- [RECORDED DATA]:
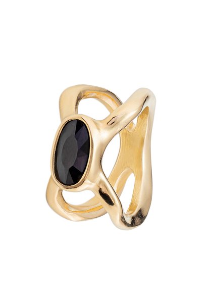 Bague en plaqué or jaune sertie de cristaux.
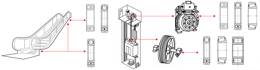 The elevator industry has high requirements for the performance of bearings, which are mainly reflected in high-speed operation, smoothness, and quietness. China is the largest manufacturing country and consumer market in the global elevator industry. Most of the world's well-known elevator companies have established factories in China. As one of the first bearing suppliers in the elevator industry to achieve import substitution, it has continuously provided supporting products for most of the leading enterprises for more than a decade and holds a leading share in the industry. The "Vibration Technical Standard for Special Bearings of Elevator Traction Machines" drafted by Guoyang Precision Machinery has become a benchmark for domestic bearing enterprises to enter the elevator industry. Our full range of products are widely used in parts such as the main machines of elevator traction machines, rope wheels, door machines, chain wheels, and escalator drives, effectively ensuring the safety, reliability, high efficiency, and comfort of elevator operation.
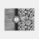 Black And White Floral Damask & Stripes-Monogram Fleece Blanket
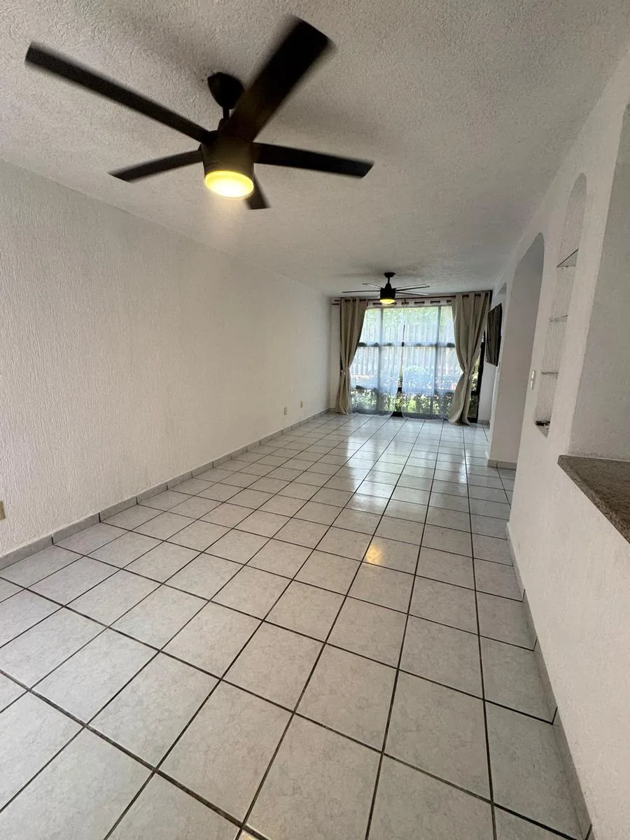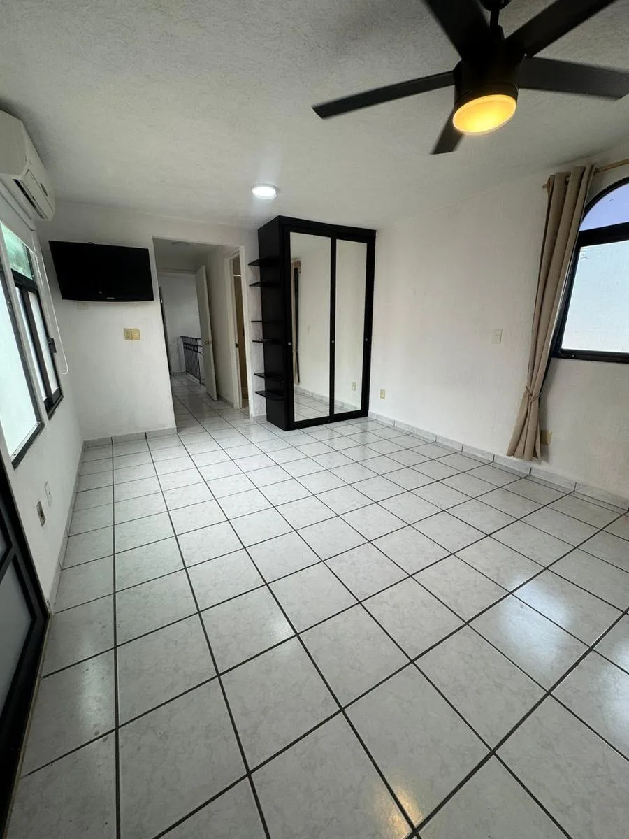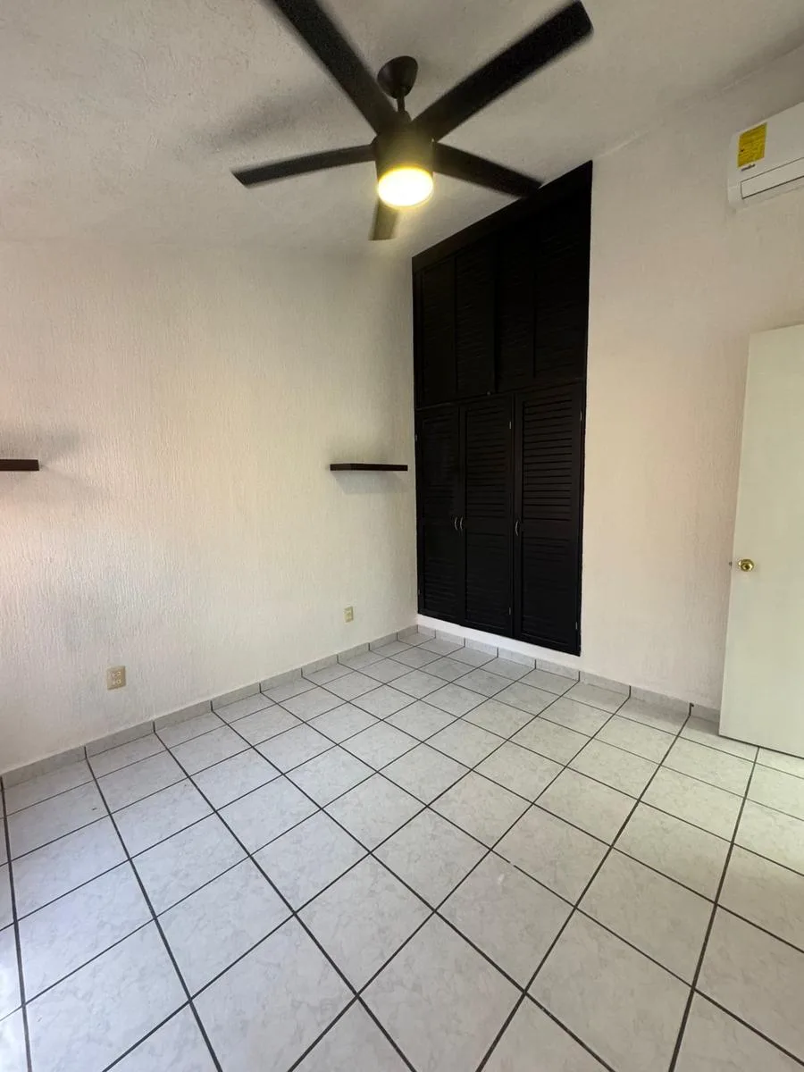 Residential amenities offer covered parking for two cars, a 24/7 security booth, a communal pool, a palapa, and sunbeds. The property is situated in the central SM 18 area.

- [PROMPT]: Copy out the lines above unchanged. Skip the images.

- [ANSWER BOX]:
 Bague en plaqué or jaune sertie de cristaux.
 The elevator industry has high requirements for the performance of bearings, which are mainly reflected in high-speed operation, smoothness, and quietness. China is the largest manufacturing country and consumer market in the global elevator industry. Most of the world's well-known elevator companies have established factories in China. As one of the first bearing suppliers in the elevator industry to achieve import substitution, it has continuously provided supporting products for most of the leading enterprises for more than a decade and holds a leading share in the industry. The "Vibration Technical Standard for Special Bearings of Elevator Traction Machines" drafted by Guoyang Precision Machinery has become a benchmark for domestic bearing enterprises to enter the elevator industry. Our full range of products are widely used in parts such as the main machines of elevator traction machines, rope wheels, door machines, chain wheels, and escalator drives, effectively ensuring the safety, reliability, high efficiency, and comfort of elevator operation.
 Black And White Floral Damask & Stripes-Monogram Fleece Blanket
 Residential amenities offer covered parking for two cars, a 24/7 security booth, a communal pool, a palapa, and sunbeds. The property is situated in the central SM 18 area.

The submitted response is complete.